Is Microsoft Gearing Up To Compete With Zillow For Rental Market Share?

Is Microsoft Gearing Up To Compete With Zillow For Rental Market Share?

Company is hiring staffers in China for a “revolutionary” real estate venture focused on improving the search for long-term rentals.

Microsoft is hiring a team of engineers who will focus on a real estate venture called Bing Rentals.

The legacy tech company has been hiring staff  — all of them in Asia — as part of a secretive effort to create a “big global team” of employees working in real estate. 

Few other details are known about what the tech giant has in store, though job listings reviewed by Inman show that Microsoft is building a team focused on long-term rentals. It could make a competitive online rental search market even more crowded.

“We’re transforming the real estate industry into a revolutionary state where all of the rental tasks are done entirely online,” state more than a dozen job listings from March. “Our team is constantly experimenting and optimizing how search results are presented to users.”

The active listings were first reported by the China-focused news site PingWest. Microsoft declined to speak about its plans.

“We are unable to accommodate your request to speak with someone,” the company wrote. “Microsoft has nothing to share.”

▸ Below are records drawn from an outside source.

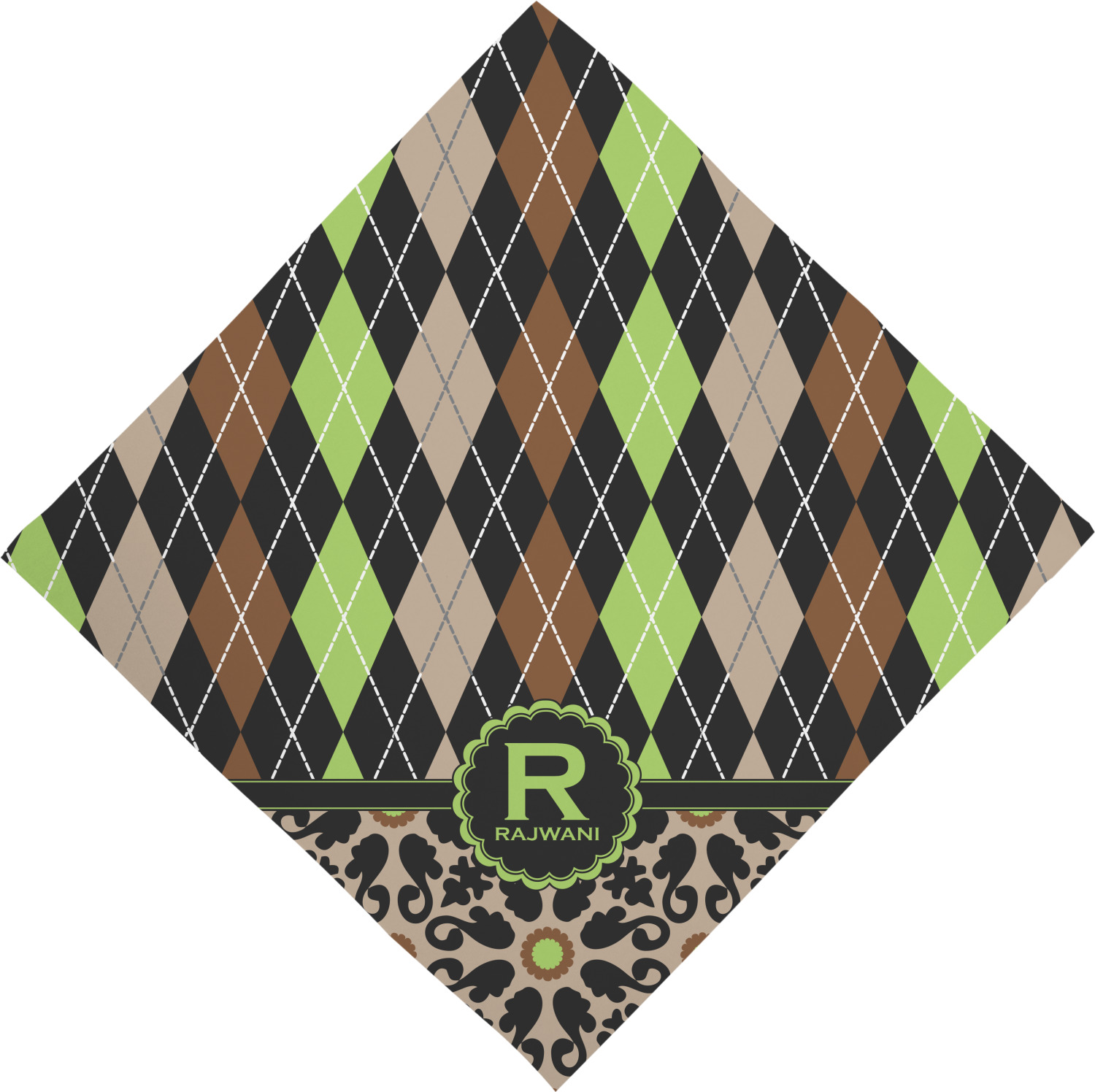 This beautiful pet bandana really is the perfect accessory. It is made from a silky feeling polyester and measures at approximately 23" x 23". Your personalization will be printed on a diagonal, so that you are able to read the personalization when folded into a triangle. This bandana fits best on large dogs, but can be folded smaller if there is no personalized text to fit smaller pets.
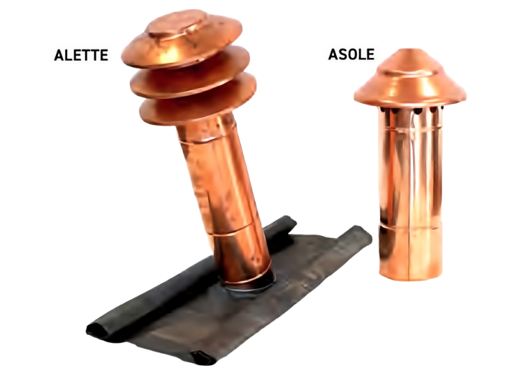 Permettono al vapore acqueo delle cucine di poter fuoriuscire dalla copertura, creano sfiato delle colonne di scarico evitando l’effetto “sottovuoto” nelle tubature.
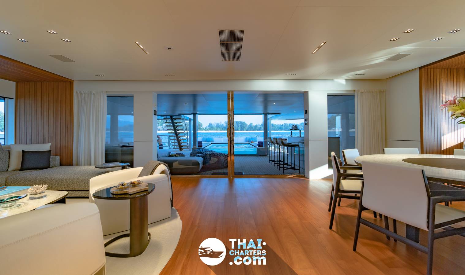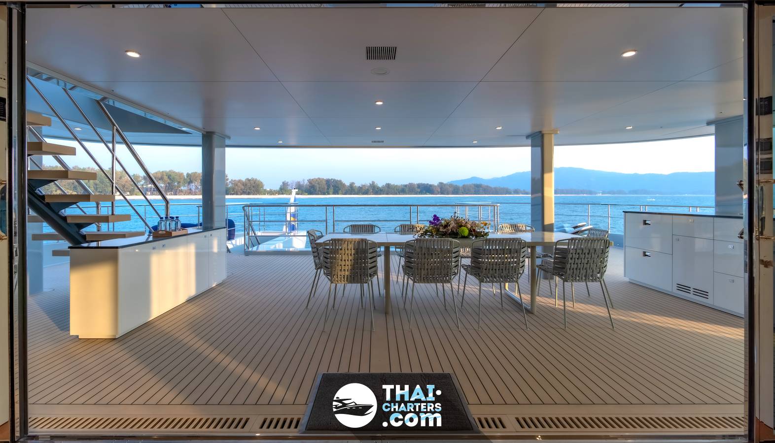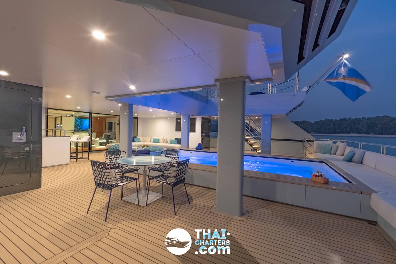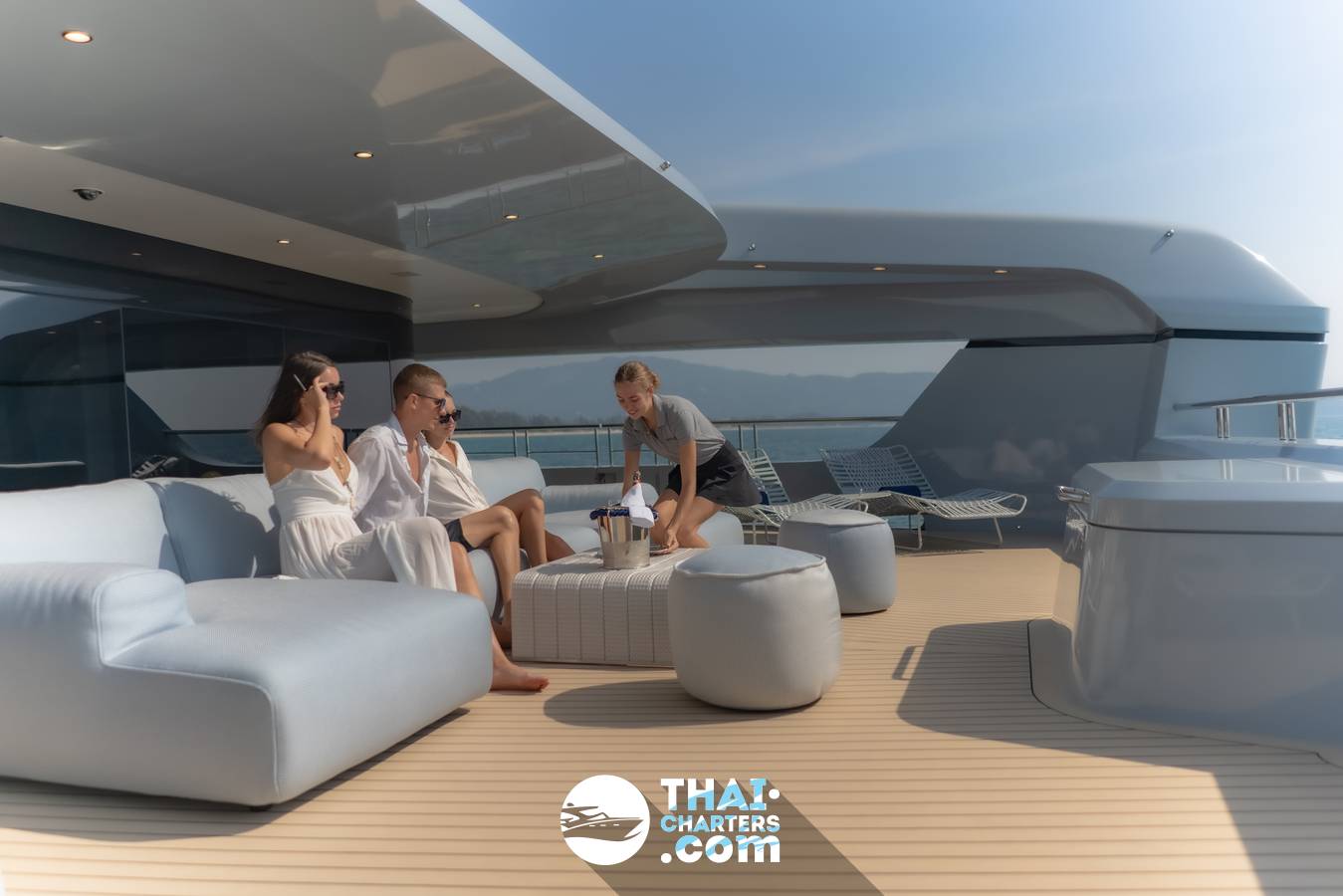 Моторный катамаран «Spacecat 118ft» — это один из самых современных и комфортабельных морских судов класса люкс, доступных для аренды в Таиланде. Благодаря конструкции, судно отличается превосходной устойчивостью на воде и плавностью хода, что гарантирует комфорт даже при волнении моря.
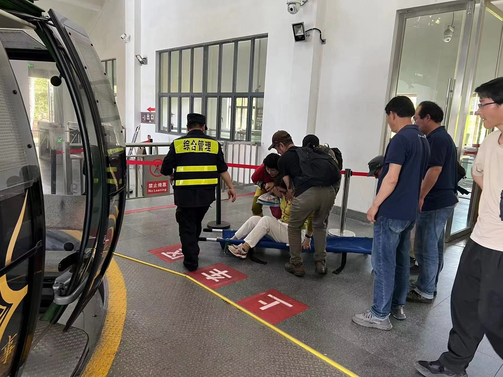 游客腳踝扭傷被困 員工合力擔(dān)架送醫(yī)
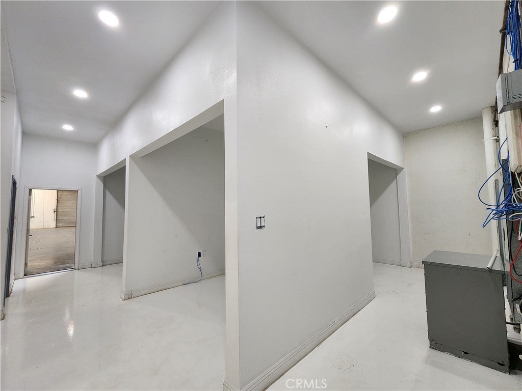 Commercial warehouse with office space. Reception area and 2 office rooms. Additional 3 office spaces, bathroom and kitchen. Mezzanine office space upstairs approximately 900 SqFt. Warehouse 20' clear height. Interior Lowdock, 4'. Two rollup doors, 14'. 6 designated parking spots, 1 handicap spot, plus shared parking.
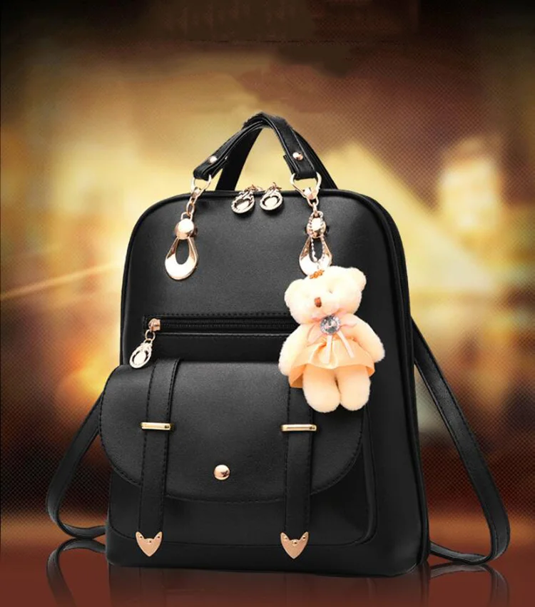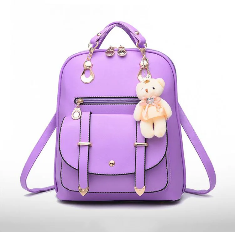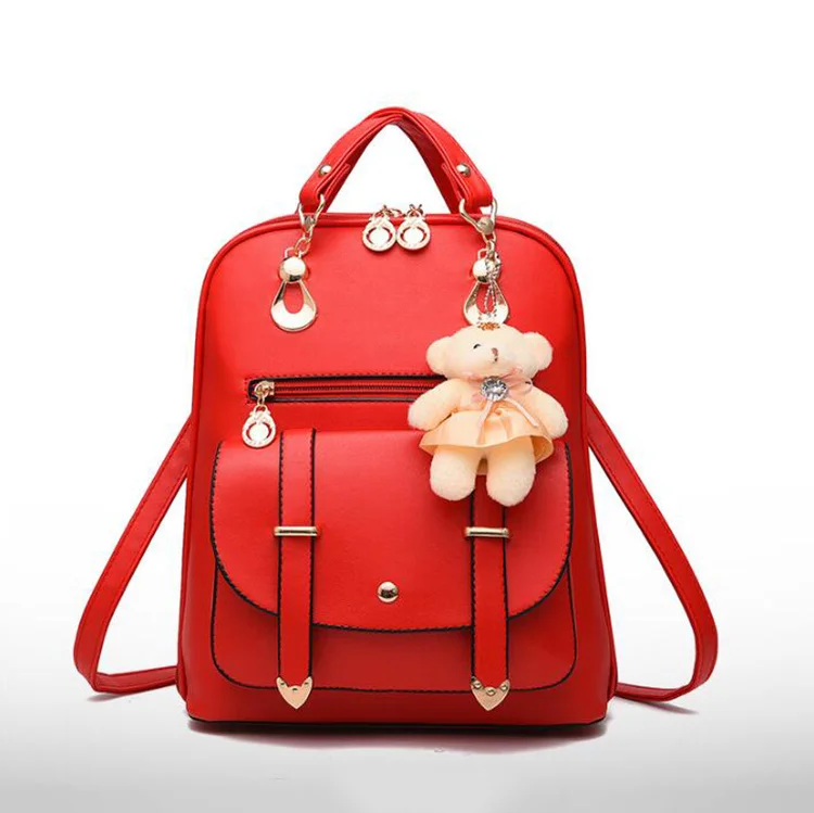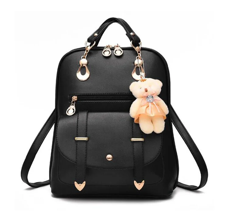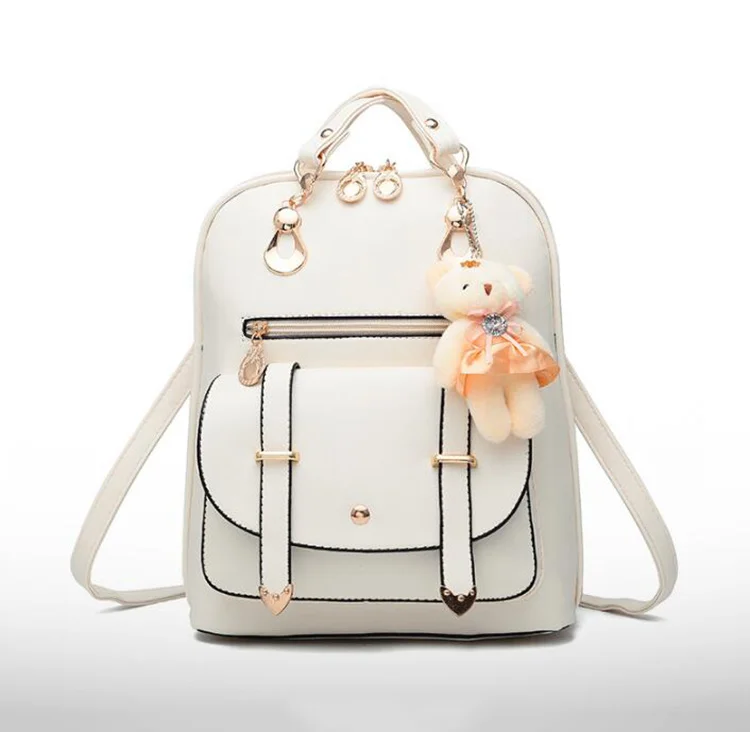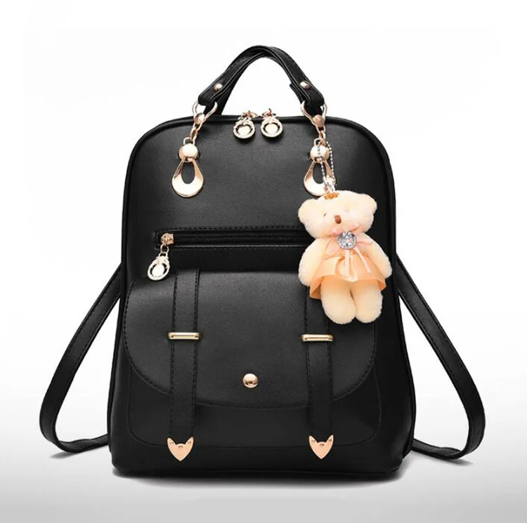Рюкзак женский в стиле преппи, ранец из искусственной кожи с медведем и игрушками для девочек-подростков, дорожная сумка на плечо

The listings could mark another major tech competitor in the online portal space, which has increasingly focused on winning market share for rentals, a space that is largely dominated by major players like Zillow, Redfin and Apartments.com.

Redfin paid $608 million last year to acquire the rental search company RentPath as part of an effort to compete in the space and win future clients over the long term.

Renters today will turn into homebuyers tomorrow, so winning their attention before they start shopping for homes will be key to long-term success, Redfin CEO Glenn Kelman said at the time.

“We can’t have people build relationships with other websites for the first 30 years of their life,” and then try to attract them when it’s time to buy, Kelman said.

Companies entering the rental search space are creating a highly competitive market with some of the industry’s biggest players. CoStar, for instance, is moving aggressively into the online real estate space by creating and acquiring for-sale and rental marketplaces of its own.

Bing, Microsoft’s search engine that competes with Google, would mark another significant addition into the space.

It’s not immediately clear whether Microsoft plans to jump into the U.S. market or create a product for use in China.

The company has 15 active job listings dating back to March and posted as recently as two days ago. Most of them are based in the city of Suzhou, west of Shanghai.

The most recent posting, searching for a software engineer, says the employee would be a member of the Bing Whole Page team.

The team will work to “empower people with rental need to find their dream house efficiently.” Qualifications include experience in the apartment rental industry.